General course objectives
To enable the students to understand and to use modern rational methods within strength of materials and reliability theory to design ships.
To enable to student to do a quality assurance of an engineering project.
The main emphasis is on the determination of the global response of a given ship sailing in waves. Safety against global failure of the hull girder should be evaluated under normal operation conditions. Accidental loads (collision and grounding) will also be covered as well as rational rule development.
- Bending moment, sagging, hogging.
- Ocean waves: linear and non-linear wave elevation, regular and irregular waves, excitation wave spectrum, stationary process, wave scatter diagram.
- Stresses in the hull girder: Midship section, effective thickness, section modulus, maximum normal stress, yield stress.

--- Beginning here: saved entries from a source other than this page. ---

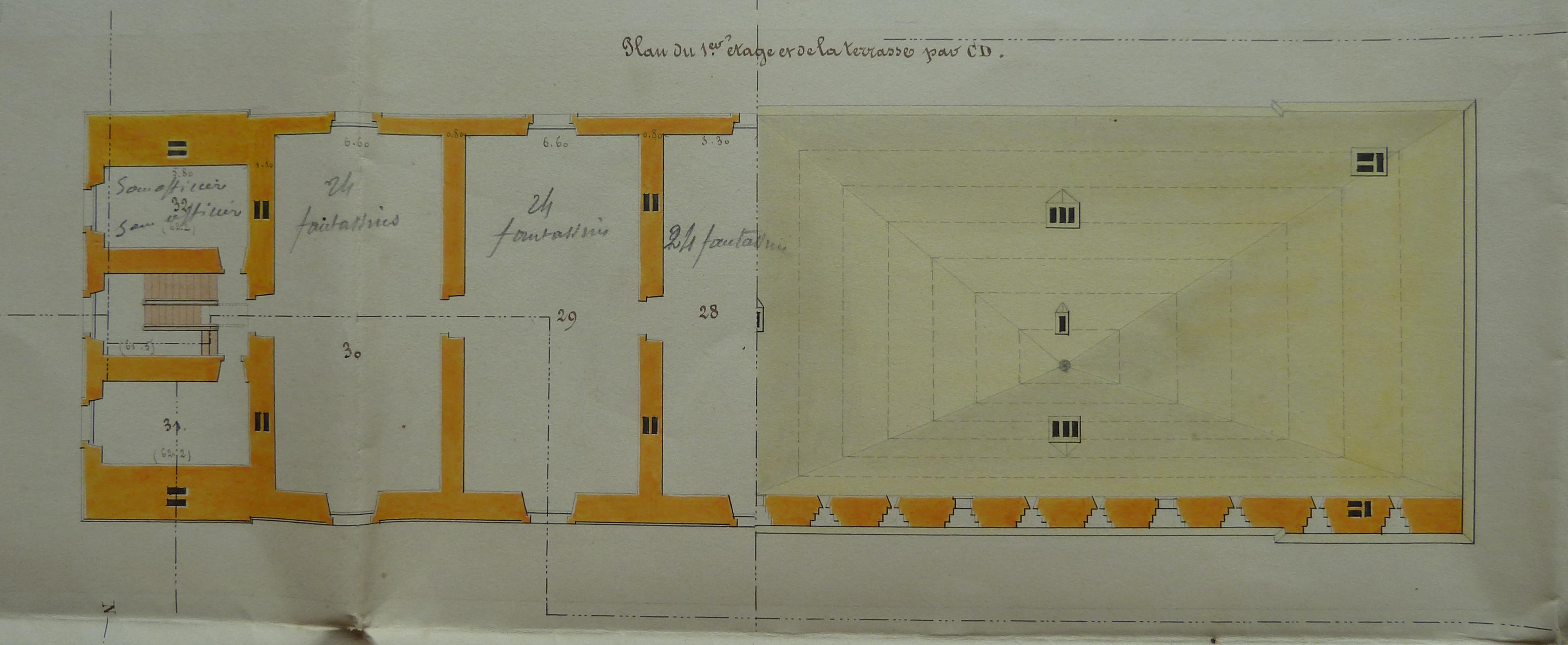 1 VH 1474. Place de Port-Louis, feuille n° 4 des projets pour 1848, travaux extraordinaires pour la défense des côtes, Ile de Groix, achèvement de la caserne du fort Lacroix, 25 décembre 1847.Immatriculation
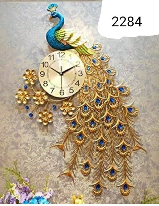Symbolic Beauty Meets Modern Timekeeping. The Model 2284 captures the majestic grace of a peacock in a stunning, vertically oriented design. The piece features the peacock figure, rendered in vibrant turquoise and green, perched above a classic silver/golden-tone dial. Its long, elaborate tail feathers trail below, crafted from gold-finished metal and dotted with deep sapphire blue jewel accents. Complementing the design are delicate floral clusters, adding a soft, luxurious touch. This clock is perfect for narrow wall spaces, adding height and artistic flair to your living room, entryway, or dining area.
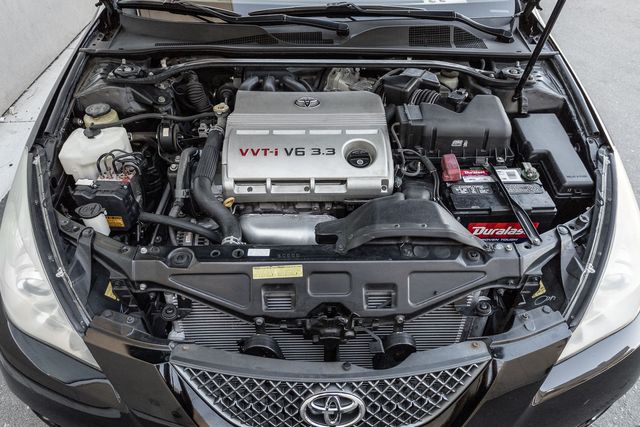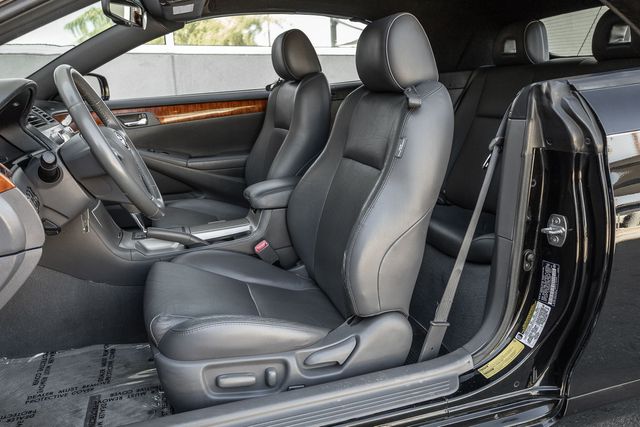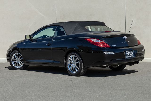 Clean CARFAX. Custom Chrome Wheels, Camry Solara SLE, 2D Convertible, 3.3L V6 SMPI DOHC, 5-Speed Automatic with Overdrive, FWD, Black, Dark Charcoal w/Leather Seat Trim, 4-Wheel Disc Brakes, 7 Speakers, ABS brakes, Air Conditioning, Alloy wheels, AM/FM radio, Auto-dimming door mirrors, Auto-dimming Rear-View mirror, Automatic temperature control, Bumpers: body-color, Carpet Floor/Trunk Mat Set (5 Piece Set), CD player, Compass, Convertible roof lining, Delay-off headlights, Driver door bin, Driver vanity mirror, Dual front impact airbags, Dual front side impact airbags, Four wheel independent suspension, Front anti-roll bar, Front Bucket Seats, Front Center Armrest w/Storage, Front fog lights, Front reading lights, Fully automatic headlights, Garage door transmitter: Homelink, Glass rear window, Heated door mirrors, Heated Front Bucket Seats, High-Intensity Discharge Headlamps, Illuminated entry, JBL Premium AM/FM w/In-Dash 6CD Changer, Leather Seat Trim, Leather Shift Knob, Leather steering wheel, Low tire pressure warning, Occupant sensing airbag, Outside temperature display, Panic alarm, Passenger door bin, Passenger vanity mirror, Power convertible roof, Power door mirrors, Power driver seat, Power steering, Power windows, Radio data system, Rear anti-roll bar, Rear window defroster, Remote keyless entry, Security system, Speed control, Speed-sensing steering, Spoiler, Steering wheel mounted audio controls, Tachometer, Telescoping steering wheel, Tilt steering wheel, Traction Control, Trip computer, Variably intermittent wipers, Vehicle Stability Control. Black 2007 Toyota Camry Solara SLE 2D Convertible FWD 3.3L V6 SMPI DOHC 20/29 City/Highway MPG
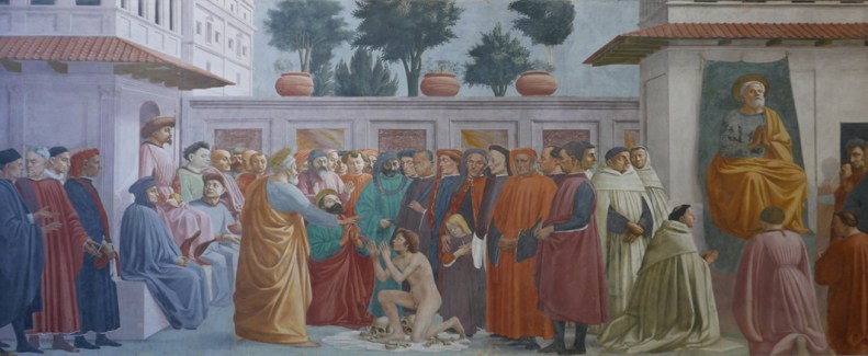 Masaccio, sv. Peter oživi Teofilovega sina po 14 letih, kapela Brancacci, Santa Maria del Carmine, Firence
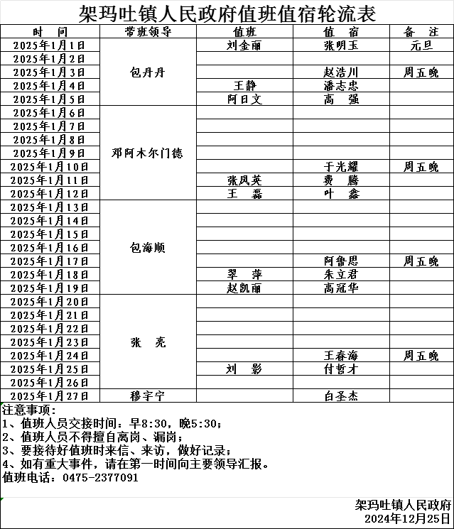 2025年1月架玛吐镇人民政府值班值宿轮流表
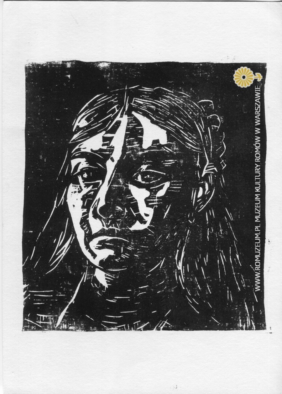 "Cyganka", drzeworyt, wykonał Marcin Czarnowski wg własnego rysunku inspirowanego fotografią nieznanej kobiety romskiej, 29,7 x 21 cm, circa 2020
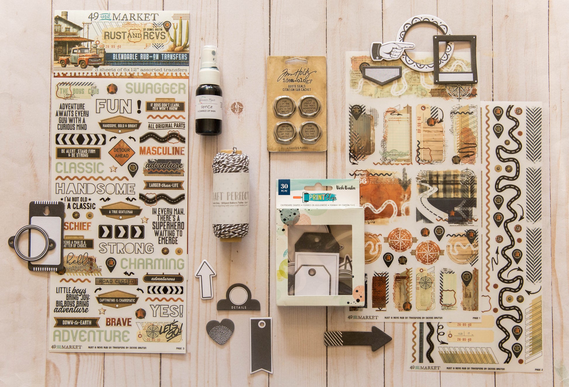 - 49 & Market "Rust & Revs" Rub On Transfers- 3 sheets

Statistical shortterm and long term analyses, extreme values, expected fatigue damage.
- Hull vibrations: hull flexibility, natural frequency of the hull, springing, whipping.
- Reliability analysis of the hull girder: Hasofer-Lind safety index, probability of failure, limit state function.

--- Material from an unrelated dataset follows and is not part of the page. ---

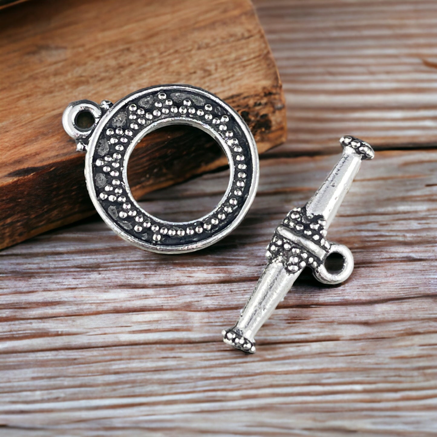 Silver Toggle Clasp by TierraCast, Antiqued Silver Clasp, TierraCast Tappered Bali Toggle Clasp, Medium Size Clasp (TC/6088-12) * Qty. 2
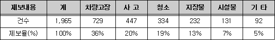 ![]() 차량고장, 충돌사고 등 제보 시민의 적극적인 참여가 자동차 전용도로의 안전성 강화에 큰 힘이 되고 있다. 자동차 전용도로 시민 제보자 모임인 ‘도로사랑 서포터즈’의 활약이 눈부시다. 2007년 한 해 동안 무려 1,965건의 도로 위험요소를 제보했고, 이는 자동차 전용도로의 24시간 도로 순찰대가 1년간 처리한 11,398건의 17.2%에 달하는 수치다. 1,965건의 제보를 분류해보면 차량고장이 가장 잦았으며, 뒤를 이어 충돌사고, 청소 등이다. 특히 차량고장이나 사고, 지장물의 경우 또 다른 사고로 이어질 원인을 차단하고 신속하게 현장을 정상으로 회복한다는 점에서 매우 소중한 제보라 할 수 있다. 이 밖에도 술에 취한 시민이 노들길을 걷는다는 아찔한 제보와 광진교 부근에 버려진 소파를 알려오는 등 한 명의 서포터즈가 많게는 72건을 제보한 경우도 있었다.

A student who has met the objectives of the course will be able to:
- Comprehend the fundamentals of structural design and assessment of ships
- Comprehend the fundamentals of modeling of ocean waves
- Apply methods that account for the statistical nature of ocean waves
- Determine wave-induced loads on the ship in stochastic sea
- Determine extreme wave loads on the ship
- Determine the expected fatigue damage in the hull
- Determine hull girder stresses due to static and dynamic loads
- Assess the safety against the failure of the hull girder under specified loading
- Understand loads due to hull girder vibrations
- Understand safety factors for rule development
- Assess the safety of a vessel after collision or grounding
- Write a technical report for a specific ship dealing with bullets mentioned above
Recommended prerequisites 41501 Strength of materials 1. 41502 Strength of materials 2. 41312 Basic fluid mechanics. 41201 Fundamentals of ships and other floating structures. 41271 Ship design. , Mathematics including linear algebra, calculus and differential equations; Statistics and probability theory; Statics, mechanical vibrations, and strength of materials; Fluid mechanics; Programming using e.g. MATLAB; Fundamental knowledge of maritime structures.